PROBLEM TO WORK ON —
Retype exactly what appears below from the line containing "Aproape că-mi doream" down to the line containing "Beautifully textured bouclé", keeping both end lines. Do not include pictures.

******

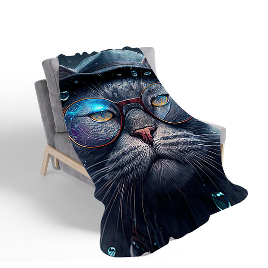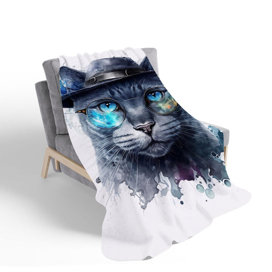 Russian Blue Cat With Glasses Splashart Sherpa Blanket
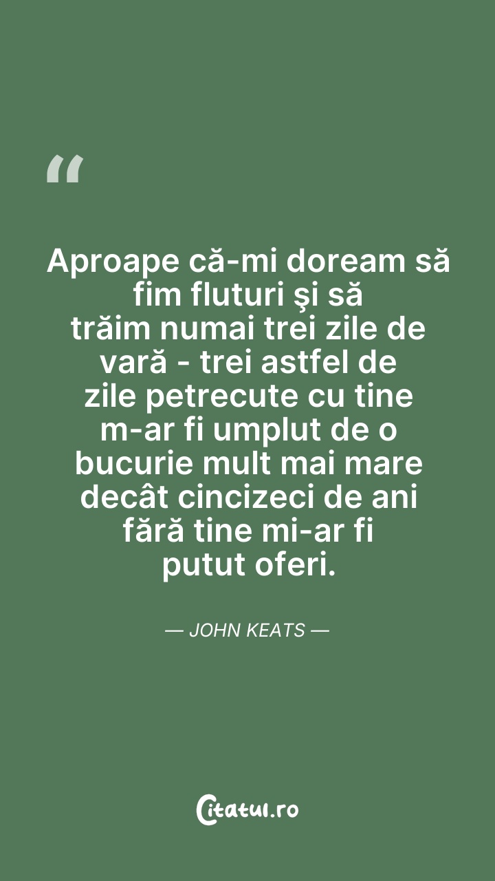 Aproape că-mi doream să fim fluturi şi să tră ... Citește tot citatul >
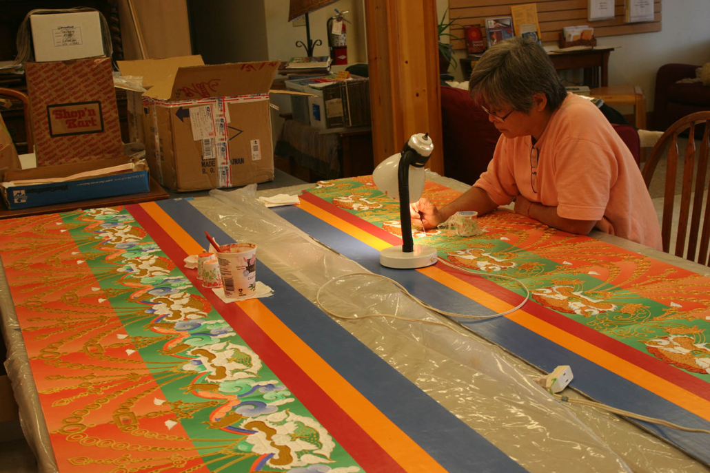 The East Wing, a two-story structure adjacent to the temple, provides a warm environment where sangha can gather to share meals, study, converse, and accomplish dharma projects. Its ground floor houses a kitchen, dining hall, restrooms, laundry facilities and areas for making tormas and preparing tsog. In addition, there is a bookstore with a wonderful array of books, CDs, photos, malas, brocade wall hangings and other dharma items. The second floor holds Vimala Publishing’s office, quarters for visiting lamas, and accommodations for visitors.
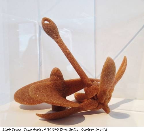 Altri lavori di questa serie sono presenti presso la galleria Riccardo Crespi di Milano in occasione della personale che si è appena aperta (fino al 19 luglio), insieme ad alcuni pezzi della serie Sweets Journeys, in cui lo zucchero di canna diventa metafora per un discorso politico e sociale sulla provenienza di questo prodotto e sul suo viaggio tra le varie culture. Il confronto tra culture diverse, del resto, è una tematica che appartiene alla storia personale e professionale della stessa Sedira, come dichiara in prima persona in una delle sue opere più celebri, Mother Tongue (2002), con cui ha partecipato anche alla mostra Global Feminisms al Brooklyn Museum di New York nel 2007.
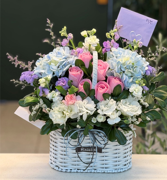 수국 장미 바구니
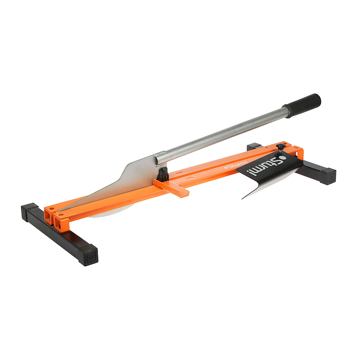 Корпус изготовлен из прочного профилированного металла с износостойким покрытием. Регулируемый упор на станине препятствует скольжению материала во время работы. Круглая ручка оснащена полимерной мягкой накладкой для удобного удержания одной рукой. Длина лезвия — 210 мм, глубина реза до 10 мм. Комплектуется подставкой для ламината. Специальный упор на ручке защищает от резкого удара ручкой об станину или материал.
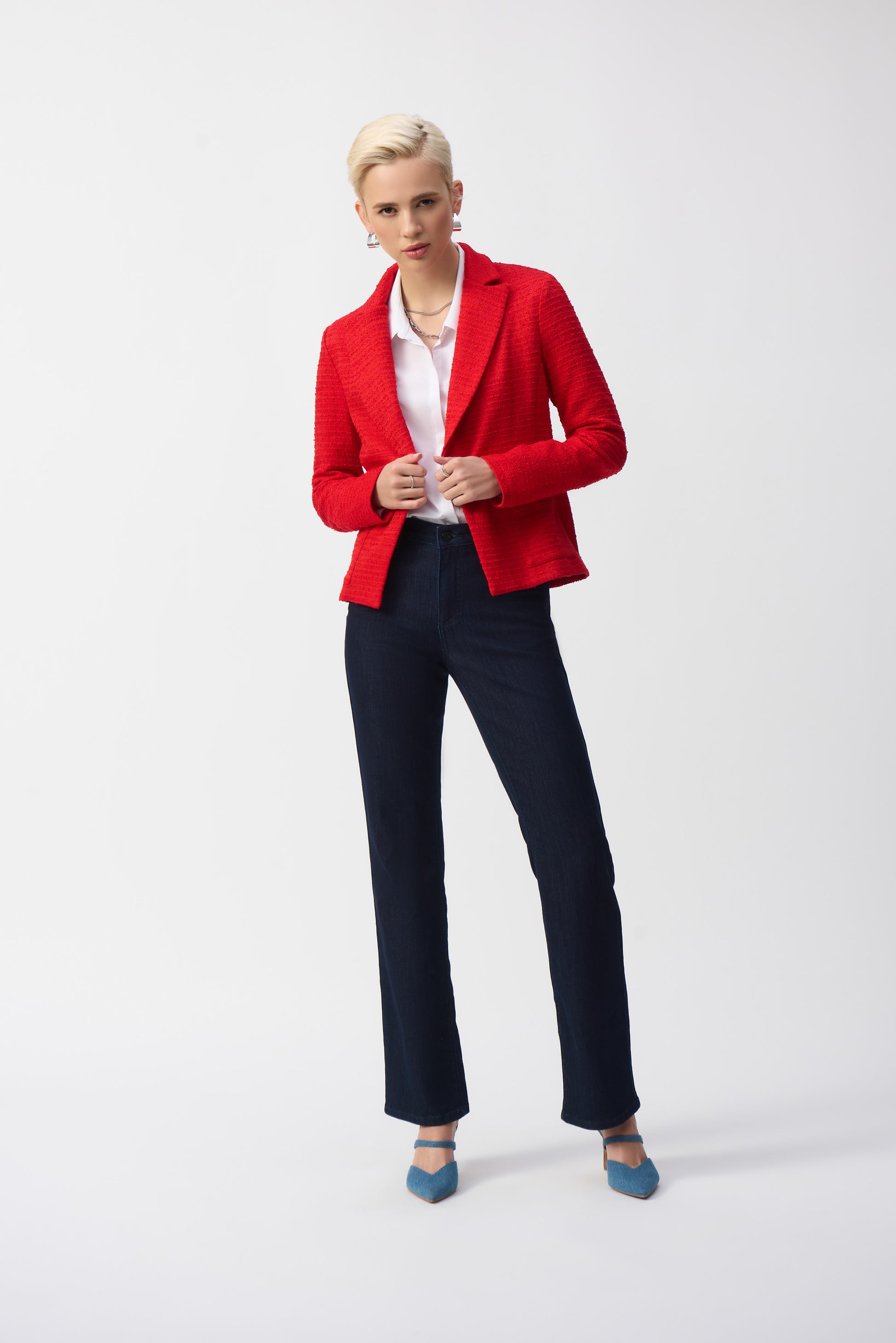 Beautifully textured bouclé fabric, a classic notched collar, and patch pockets come together to create a delightful blazer that will elevate your casual style.
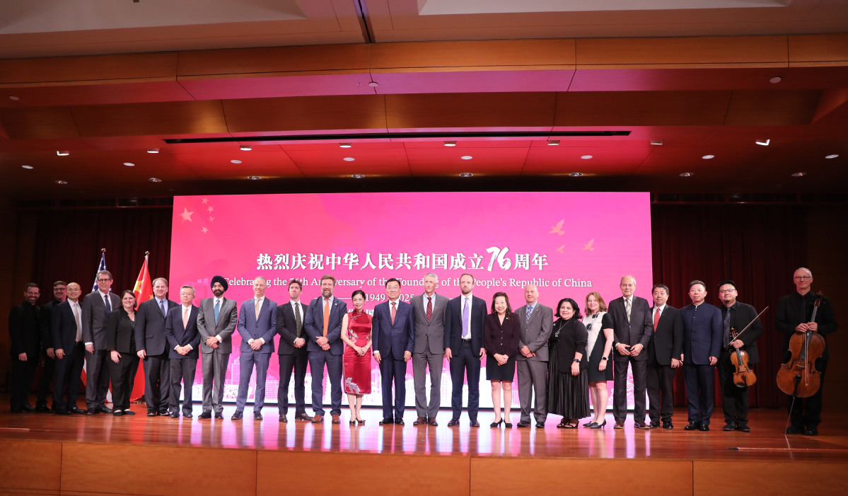 More than 700 guests attended the National Day reception at the Chinese Embassy. They included representatives from the US State Department, the White House National Security Council, the Department of Commerce and other departments, representatives from the governments of Washington DC and Maryland, World Bank President Ajay Banga, Illinois Congressman Jonathan Jackson and foreign ambassadors.

******

RESULT OF THE TASK —
 Aproape că-mi doream să fim fluturi şi să tră ... Citește tot citatul >
 The East Wing, a two-story structure adjacent to the temple, provides a warm environment where sangha can gather to share meals, study, converse, and accomplish dharma projects. Its ground floor houses a kitchen, dining hall, restrooms, laundry facilities and areas for making tormas and preparing tsog. In addition, there is a bookstore with a wonderful array of books, CDs, photos, malas, brocade wall hangings and other dharma items. The second floor holds Vimala Publishing’s office, quarters for visiting lamas, and accommodations for visitors.
 Altri lavori di questa serie sono presenti presso la galleria Riccardo Crespi di Milano in occasione della personale che si è appena aperta (fino al 19 luglio), insieme ad alcuni pezzi della serie Sweets Journeys, in cui lo zucchero di canna diventa metafora per un discorso politico e sociale sulla provenienza di questo prodotto e sul suo viaggio tra le varie culture. Il confronto tra culture diverse, del resto, è una tematica che appartiene alla storia personale e professionale della stessa Sedira, come dichiara in prima persona in una delle sue opere più celebri, Mother Tongue (2002), con cui ha partecipato anche alla mostra Global Feminisms al Brooklyn Museum di New York nel 2007.
 수국 장미 바구니
 Корпус изготовлен из прочного профилированного металла с износостойким покрытием. Регулируемый упор на станине препятствует скольжению материала во время работы. Круглая ручка оснащена полимерной мягкой накладкой для удобного удержания одной рукой. Длина лезвия — 210 мм, глубина реза до 10 мм. Комплектуется подставкой для ламината. Специальный упор на ручке защищает от резкого удара ручкой об станину или материал.
 Beautifully textured bouclé fabric, a classic notched collar, and patch pockets come together to create a delightful blazer that will elevate your casual style.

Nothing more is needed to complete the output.